April 25, 2006
From Rabbi Walter

In the cycle of Torah reading, we are headlong into Leviticus, the third book of the Torah. It is, on a week-to-week basis, the most challenging of the five books when attempting to read for contemporaneity. Its content is primarily, though not exclusively, a set of instructions to the priests who are Levites (thus the English name of the book) on the various kinds of sacrifices and how to offer them. Many are the Bar and Bat Mitzvah youngsters who have striven mightily with the text.

And, truth to tell, many are the rabbis who have struggled as well, yours truly included. In our ongoing desire to make not just some but all of Torah meaningful in the modern world, we often stretch beyond the normal limits to find meaning in any individual passage.

But there is one thing about the book that bears no stretching at all, and that is meaning of sacrifice in biblical terms.

Unlike the English word sacrifice, the root of which is to make something sacred, the Hebrew word korban means to draw near. Our ancestors didn't offer up the animals as an attempt to make anything sacred; they did it because they believed it helped them draw close to God.

One of the reasons Judaism has survived over the millennia is our ability to adapt - to maintain our core values even as we have altered symbols.

What could be a more core value to the Jewish people than to attempt to draw close to God. When the Temple was destroyed, the rabbis realized that offering up animals no longer captured the essence of that value. And so they declared an end to all animal offerings.

While the specific replacement for the sacrificial service was the prayer service, the rabbis were aware that prayer alone is not the answer. It is really mitzvot that bring us closer to God, the mitzvah of prayer being but one. Reading the Book of Leviticus always reminds me that though the customs and traditions of Judaism have changed over the centuries, our core values have not.

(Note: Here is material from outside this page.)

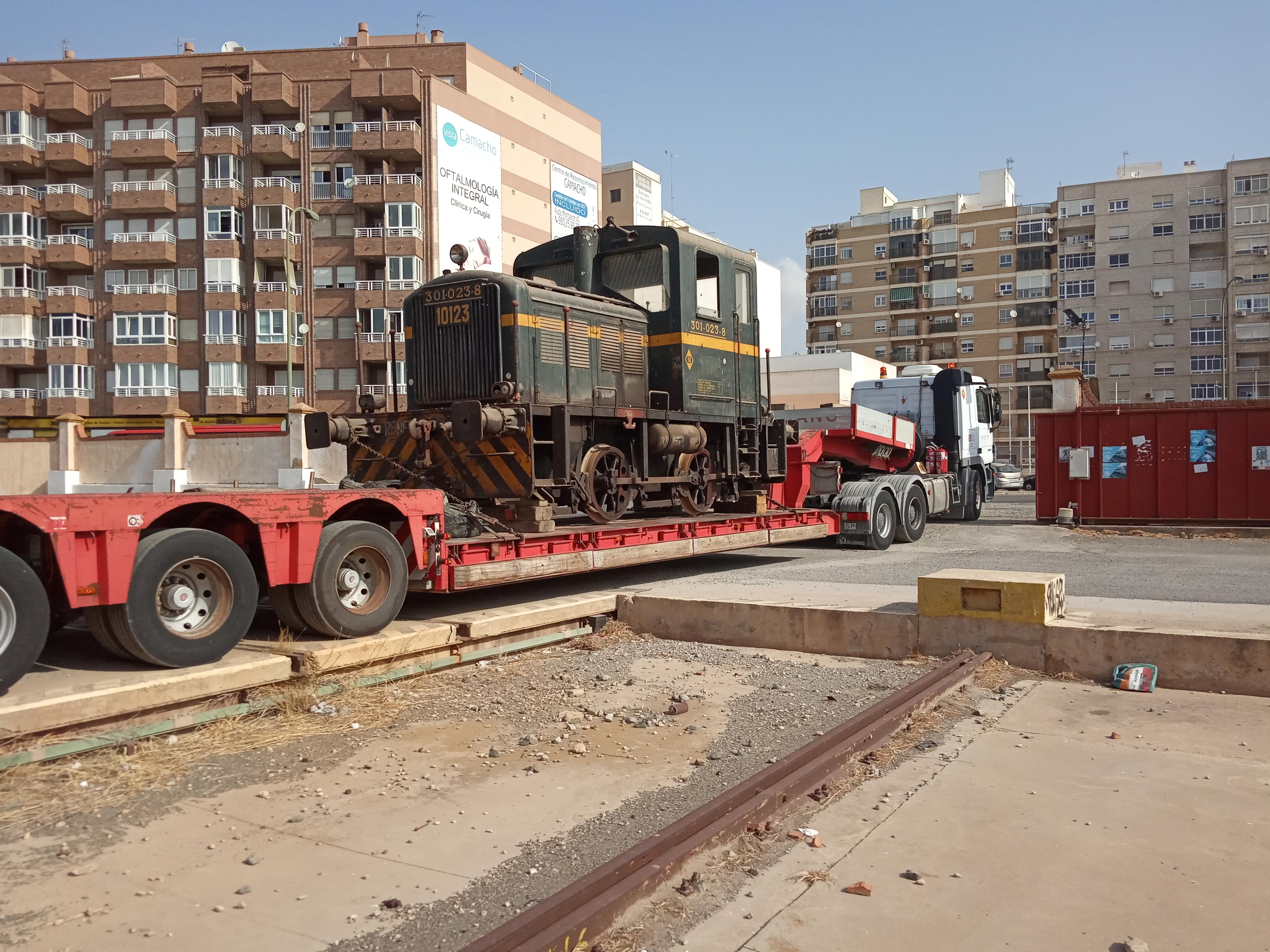 La mañana del día 4 de julio de 2019 no ha sido agradable para la Asociación de Amigos del Ferrocarril de Almería. En un transporte especial partía definitivamente del recinto ferroviario de la capital la locomotora de maniobras 10123, conocida popularmente como “memé” o “pegasín”, que estuvo prestando servicio en los talleres almerienses hasta 1996 remolcando los vagones que eran reparados en estas instalaciones. Fabricado en 1962 por la Maquinista Terrestre y Marítima (MTM) y motorizado por la Empresa Nacional de Autocamiones (Enasa), fue el resultado de la tecnología española del momento que dio excelentes resultados a lo largo de tres décadas. Se trata pues de una pieza histórica que, desgraciadamente, no podremos tener en nuestra tierra.

Through time we have grown those values to higher and deeper levels of human behavior, and even added to them. Through our rituals and through our behavior, we express our connection to Abraham and Sarah and declare ourselves inheritors of a divine covenant.

Whatever has changed, what we have never lost as a people is our desire to draw closer to God, whether by the ritual of offering animals thousand of years ago, or the rituals we practice today, or by our mitzvot, of tzedakah and gemilut chassadim - charity and deeds of loving kindness.

As we read the Book of Leviticus, I sincerely believe that this central message abides and still defines us as a people who strives to live in covenant with God.